AH: This is the point that Dame Elizabeth Hoodless was making a few weeks ago wasn't it? She gave the example of local libraries, saying there are plenty of people who could be persuaded to come forward and volunteer to help, but that she won’t get people coming forward and taking sole responsibility from scratch, to run a library. Do you see a contradiction in this in terms of the Big Society? What some would say is happening at the moment is that local authorities are making cuts in some of the easier areas - civil society organisations, charities and so on, rather than perhaps restructuring their own workforces?
CR: There's a clear problem here, and at the very least, it's to do with phasing. By making the economies very quickly, a number of local authorities will feel that they have to cope with almost all the redundancy costs which they face in the short-term, rather than being able to capitalise them over a much longer term. And they have their statutory obligations, clearly they feel more pressured to cut from voluntary sector support than they do from some of their core services.
Now some people will argue that we need to try and change the way in which local authorities prioritise so they don't cut back on the voluntary sector disproportionately. But the best way, in my view, that government nationally could help local authorities in that direction would be to allow for things like more generous capitalisation of redundancies and for the more generous phasing of economies, recognising that economies must be made. If the economies have to be made at a very rapid rate, then it gets very hard to do this.
A number of local authorities would argue very sensibly, that if they had a bit more time, they could work with the voluntary sector, to make sure that some of these key services which nobody wants to lose are actually saved and preserved by the voluntary sector, helped by voluntary sector involvement in the long-run. But if these economies are made too quickly, that simply can't happen, and there is a danger that things are lost that can't then be replaced. A very clear danger of that.
AH: A lot of people think this issue of trying to broaden the provision of service delivery and encouraging corporates and voluntary sector organisations to come in and so on a good idea, and that the quality of services provided to citizens is all that should really matter. But commissioners and local authorities are going to be under huge pressure to decide on price alone in this resource-constrained world that they're operating in. In those situations, what is to stop the very big corporate organisations from scooping the pool because they've got economies of scale that they can offer, and what is going to protect the ability of smaller voluntary organisations to be able compete for these contracts?

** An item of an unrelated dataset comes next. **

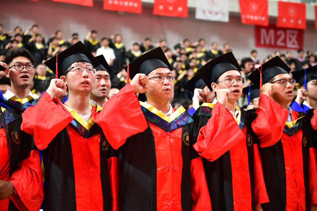 2024届毕业生,毕业之际我庄严宣誓:传承红色基因,弘扬校训精神;牢记理工家训,践行三实品质……”“告别了家乡亲切的明月,迎来了校园灿烂的朝阳……我们从这里启航,去拥抱明天的太阳!”毕业典礼在一句句铮铮誓言和校歌《我们从这里启航》的合唱声中落下帷幕。现场全体领导、老师、研究生和亲友团朋友们一同起立,挥手深情目送本科毕业生们“出发”。

CR: There is a great deal of concern at the moment, particularly within the NHS, that competition is based on quality, not on price.

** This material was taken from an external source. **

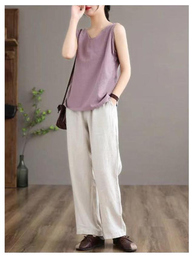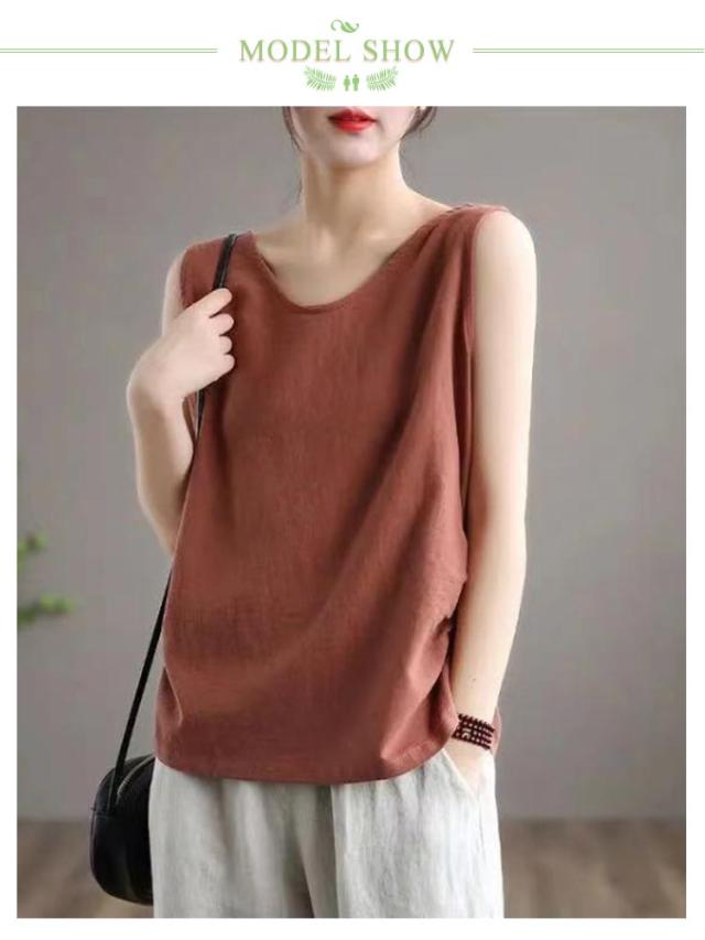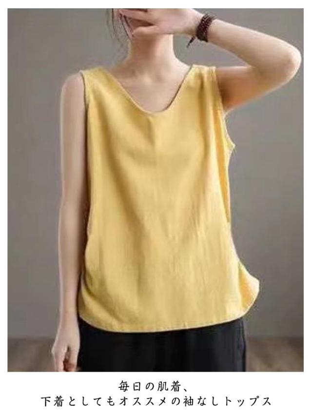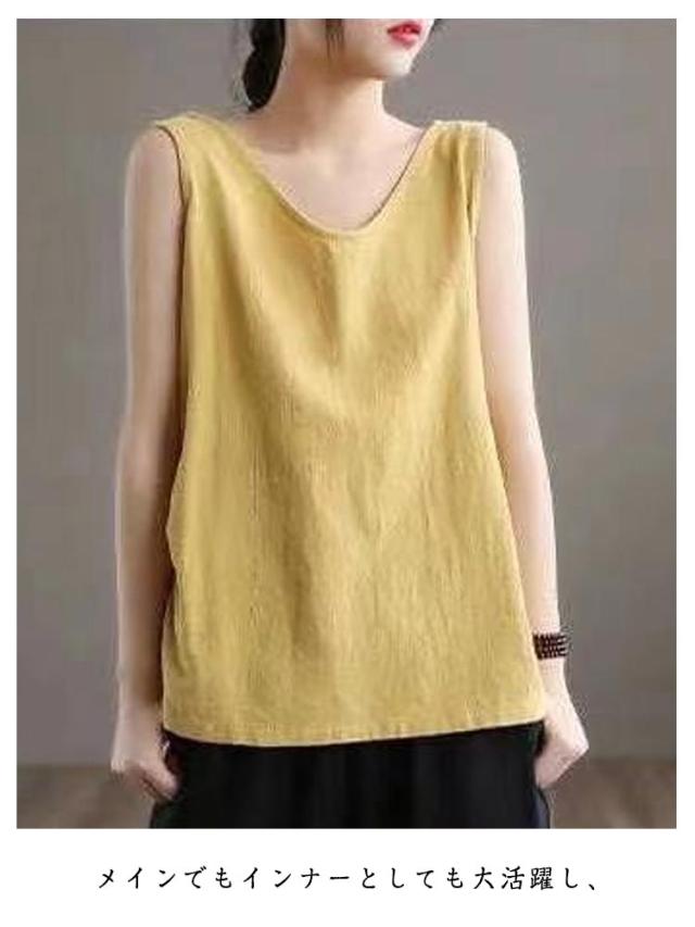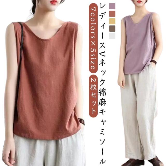 2枚セット キャミソール キャミ 綿麻トップス 綿麻 タンク リネン調 肌着 涼しい 大人 部屋着 サラサラ タンクトップ 薄手 下着 トップス 無地 シャツ 可愛い おしゃれ ナチュラル 女性 夏服 2枚セット シンプル インナー 重ね着

AH: Or should be based on quality, not on price.
CR: Yes, should be. And that's an argument that I think will be had within government, within Parliament and is certainly out there in the country at the moment. It seems to me that there is a lot of concern within the voluntary sector. They may well actually approve of the idea that public services are more open, particularly to the not-for-profit or voluntary sector, but recognise that that must also mean opening up potentially to private competition. But a level playing field is required for that and the concern is that too often there are barriers to good not-for-profit organisations which would like to actually offer some of these services, but are simply not regarded as being large enough, or substantial enough, or secure enough, and the bidding process and the bureaucracy involved in that is a barrier to them. They would like to see those barriers removed, and I think it would be a healthy thing if we were able to offer alternatives. But the offered alternatives must be based more on quality of service and provision than making somebody else's profit.
AH: Chris White's private member's bill on this, which is designed to require social value to be taken into account by commissioners, interestingly seems to be something that the government is happy to support and see get onto the statute book. Do you think that's going to happen?

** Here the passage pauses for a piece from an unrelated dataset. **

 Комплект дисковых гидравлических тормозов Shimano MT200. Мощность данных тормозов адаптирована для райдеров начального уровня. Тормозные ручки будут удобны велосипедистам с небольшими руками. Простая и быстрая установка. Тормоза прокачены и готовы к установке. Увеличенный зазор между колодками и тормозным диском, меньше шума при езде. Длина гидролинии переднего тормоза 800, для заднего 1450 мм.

CR: I haven't looked at that bill in any detail but those sorts of things do seem to be very important in what we might actually do. And I think the voluntary sector is very keen to be able to talk to government nationally and locally and work in partnership to achieve those sorts of things.
I think the biggest concern we get within the sector, is that too many things, contrary to what Big Society says it's about, will start to be top-down and imposed. But if it's to work well, there needs to be genuine partnership of national and local government and the voluntary sector on these things.
AH: Chris, you've been very clear about the fact that this is not about differences between party political views, rather it is about finding ways in which all of these different organisations can combine to help citizens improve the quality of their lives, but I'm just interested in your perspective. A lot of people would say that the very significant increase in public sector funding into the voluntary sector over the years of the Labour government, has led to a sense of excessive dependency by a number of charities. Is there concern that the concept of charity existing, in a sense, to challenge government and to argue against the status quos, might be compromised if some of these big charities have very large amounts of funding coming from the state?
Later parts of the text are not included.